Our Research Members

The Roger’s lab uses progenitor cells and human pluripotent stem cells as a basis for developing cell based therapies for the treatment of Diabetic symptoms. We are investigating the wound healing properties of blood cells and mesenchymal cells in a model of Peripheral Vascular Disease (PVD) and Diabetic skin wounds. My lab has demonstrated that these cells have strong paracrine signaling that can reduce inflammation and apoptosis while promoting angiogenesis. Together, this results in superior tissue repair.

The Rogers’ lab is also focused on studying diabetic nephropathy through the development of 3D culture systems. Using decellularized kidneys from mouse and porcine as a substrate we can interrogate the role of the ECM in kidney regeneration. Human iPSC made from blood or cells in the urine are differentiated into renal progenitor cells and applied to the acellular ECM. This project allows for investigating the role of stem cells and their niche. By using decellularized kidney from healthy and diabetic mice (or humans) coupled with kidney progenitor and mature cells from healthy and diabetic sources, we can determine if diabetes is affecting the niche or the progenitor cells. 

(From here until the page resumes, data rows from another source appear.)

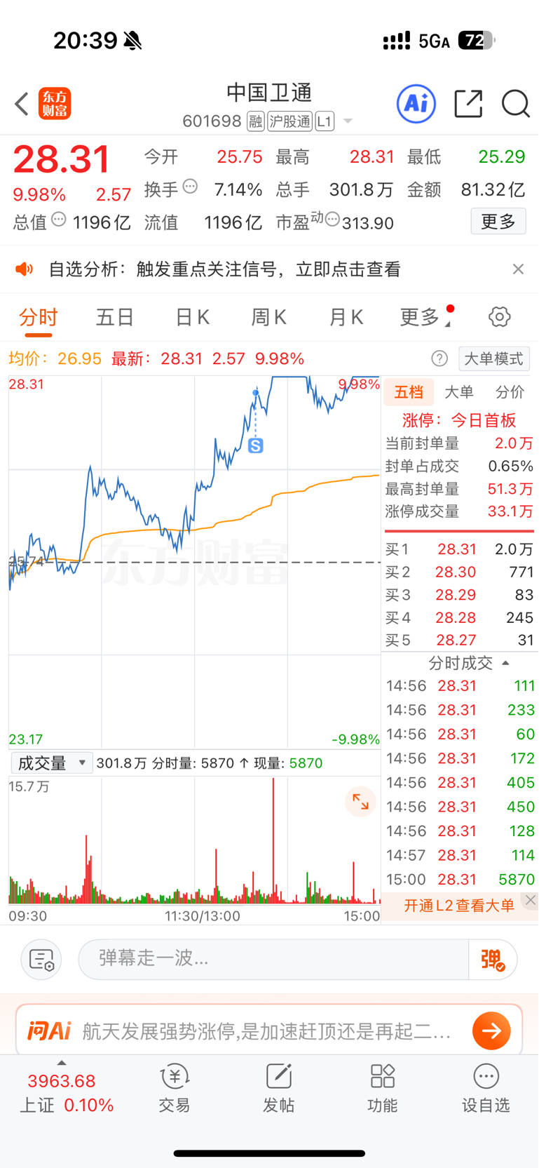 $中国卫通(SH601698)$ 28清了8成,周一能否做套一波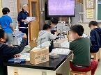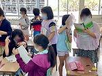 4年1組は図工で飛び出すしくみを上手に使いながら、幸せを運ぶカード作りに取り組んでいました。2組は水が冷えて氷になるとき、水の温度や様子がどのように変化するのかを確認するための実験方法を確認していました。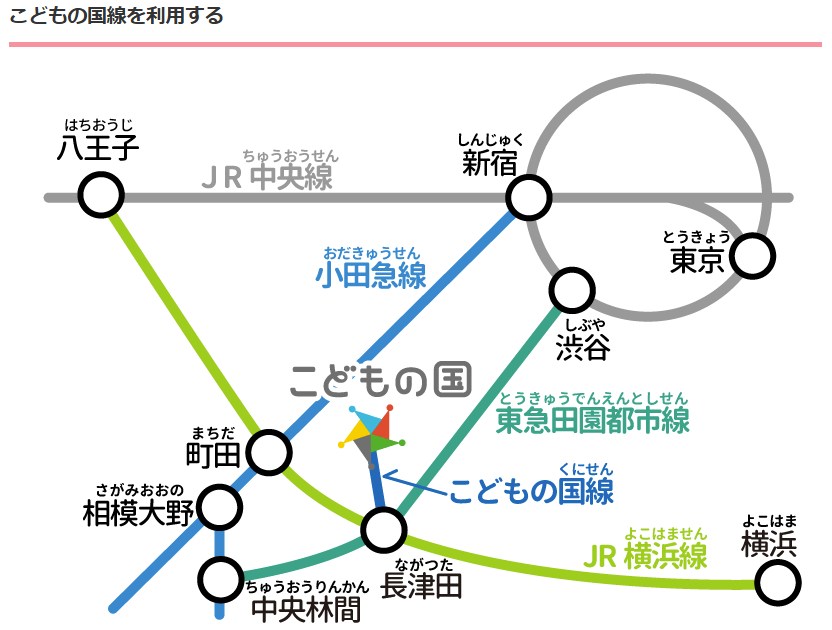 最寄りは「こどもの国駅」で、長津田駅からこどもの国線に乗り換え、駅から正面入口までは約3分です。

The goal of my research is to inform the prevention of type 2 diabetes in the population. At the Population Health Analytics Laboratory, my research focusses on the use of advanced epidemiologic and biostatical approaches on large population-based data to inform public health activities targeted at reducing type 2 diabetes and obesity. I specialize in the development of population risk tools and I have led methodological advances in the new field of risk algorithms applied to the population setting. I developed the Diabetes Population Risk Tool (DPoRT), which is the only tool built to inform population intervention strategies for diabetes. This work is recognized as a novel way to inform to diabetes preventions strategies and is currently being used by policymakers in Canada. I have also led the largest study estimating diabetes-attributable health care costs as well as the burden of undiagnosed diabetes in Canada. I am expanding this research to understand how persons living with type 2 diabetes accumulate chronic conditions over their life course and elucidating what factors contribute to mortality outcomes.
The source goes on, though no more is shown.